SHORT COMMUNICATION | VOLUME 4, ISSUE 2 | OPEN ACCESS DOI: 10.23937/2377-3634/1410075

Technology Driven Diabetes Management: Application of Cellular Transmission of Glucose Data

John P Bernot , Manali Patel, Holly Borders, Jade Hairston, Steven Davis and Julienne Kirk

Wake Forest Health Sciences, Family & Community Medicine, Medical Center Boulevard, USA

*Corresponding author: John P Bernot, MD, Wake Forest Health Sciences, Family & Community Medicine, Medical Center Boulevard, USA, Tel: 4105516711, E-mail: jpbernot@gmail.com

Received: September 24, 2017 | Accepted: November 14, 2017 | Published: November 16, 2017

Citation: Bernot JP, Patel M, Borders H, Hairston J, Davis S, et al. (2017) Technology Driven Diabetes Management: Application of Cellular Transmission of Glucose Data.

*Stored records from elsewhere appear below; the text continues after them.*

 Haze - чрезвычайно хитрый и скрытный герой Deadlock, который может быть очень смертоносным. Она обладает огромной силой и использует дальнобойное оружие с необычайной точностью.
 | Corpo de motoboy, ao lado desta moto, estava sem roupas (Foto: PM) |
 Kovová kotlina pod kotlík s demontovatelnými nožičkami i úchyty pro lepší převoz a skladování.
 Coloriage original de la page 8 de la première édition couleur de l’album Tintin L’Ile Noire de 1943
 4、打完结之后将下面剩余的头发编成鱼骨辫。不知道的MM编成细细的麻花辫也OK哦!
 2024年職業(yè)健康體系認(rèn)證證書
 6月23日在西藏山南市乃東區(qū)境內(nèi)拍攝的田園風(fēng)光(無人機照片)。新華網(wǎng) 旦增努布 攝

Int J Diabetes Clin Res 4:075. doi. org/10.23937/2377-3634/1410075

Copyright: © 2017 Bernot JP, et al. This is an open-access article distributed under the terms of the Creative Commons Attribution License, which permits unrestricted use, distribution, and reproduction in any medium, provided the original author and source are credited.

Abstract


Background

Wireless monitoring is an option for patients with diabetes to communicate blood glucose results in real-time. This study evaluates the feasibility of using wireless technology to monitor glucose and to assess the impact on A1C.

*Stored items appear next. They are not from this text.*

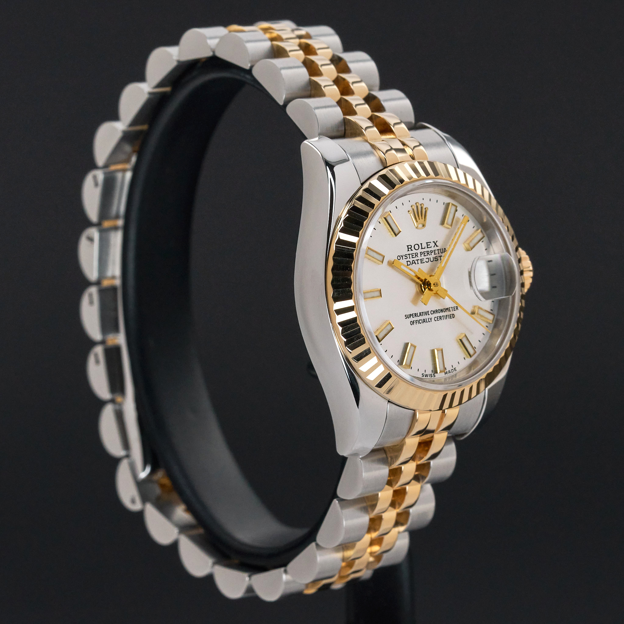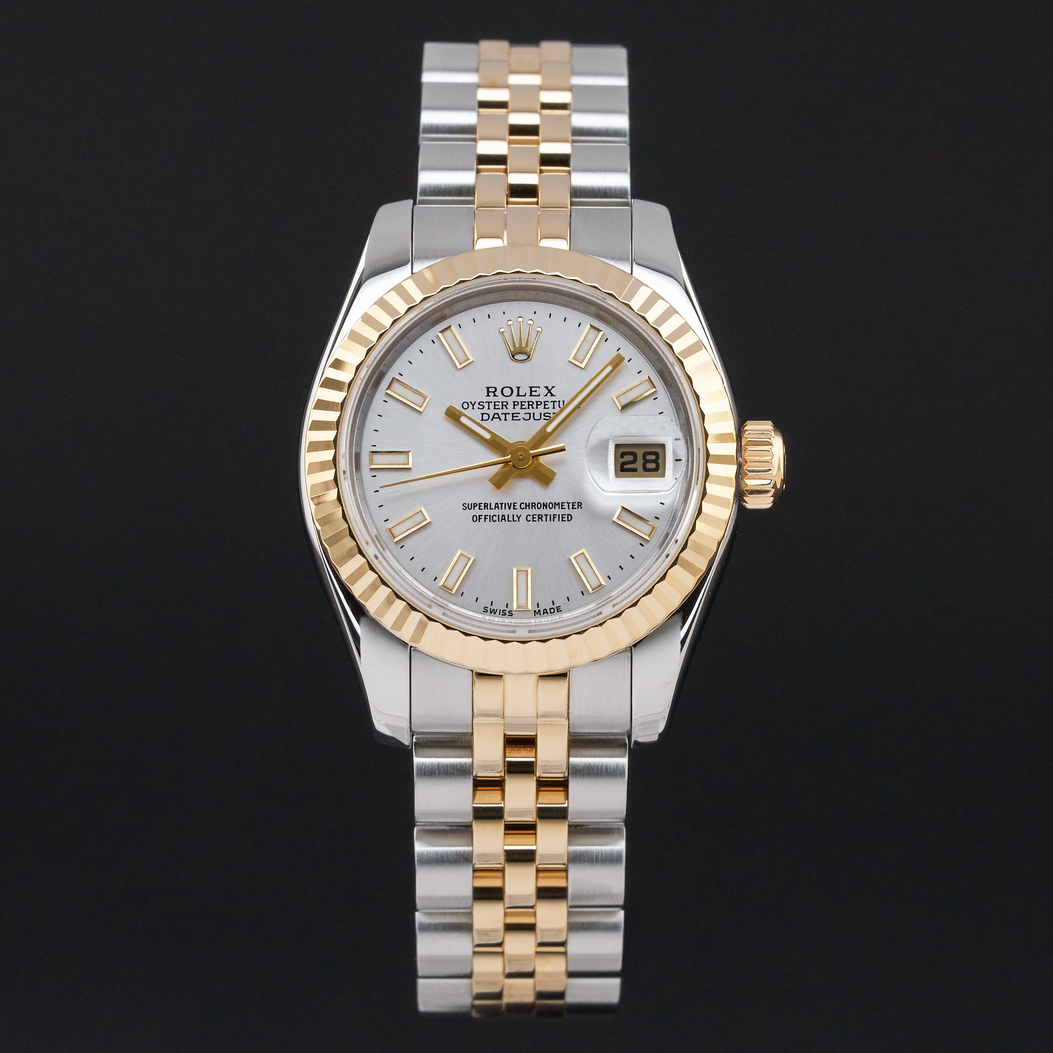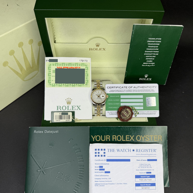 This Rolex Lady-Datejust 179173 features a Silver dial and is crafted from 18K yellow gold and stainless steel, with a production year of 2005.
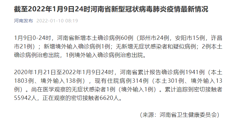1月9日0-24時(shí),河南省新增本土確診病例60例(鄭州市24例,安陽市15例,許昌市21例);新增境外輸入確診病例1例;無新增無癥狀感染者和疑似病例;2例本土確診病例治愈出院,1例境外輸入確診病例治愈出院。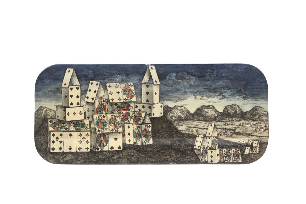 PIERO FORNASETTI Un vassoio decoro "Città di carte", anni '50. Alluminio...

Research design and methods

A prospective study was performed in 10 patients with uncontrolled diabetes. Subjects received a wireless glucose monitor with the capability to transmit their glucose measurements to an external server via cellular service. The clinician analyzed these measurements, and communicated with the patient via the glucometer. We examined the impact of increased clinician-patient communication on blood glucose control as measured by SMBG and A1C over a period of 6 months.

Results

After 6 months, a series of 4 questions assessing satisfaction and feasibility resulted in scores between 4.4 and 4.8 out of possible 5. Nine of the 10 patients had absolute reductions in A1C at 6 months. Mean A1C values between baseline and six months demonstrated a statistically significant reduction of 9.8% versus 8.3% (p = 0.003). No adverse or serious events were reported during the study.

Conclusion

Our study indicates that technology-driven diabetes management using cellular transmission is an easy way to communicate information between patient and provider that can improve A1C.

Introduction


The prevalence of diabetes mellitus in the United States has increased four-fold in the last thirty-six years from approximately 5.5 million to 22 million [1]. Worldwide, diabetes affects nearly 387 million individuals, and that number is expected to reach half a billion by 2035. Over $175 million is spent annually on direct medical costs [2]. Vast resources are dedicated to the monitoring diabetes with many challenges in patient glycemic control.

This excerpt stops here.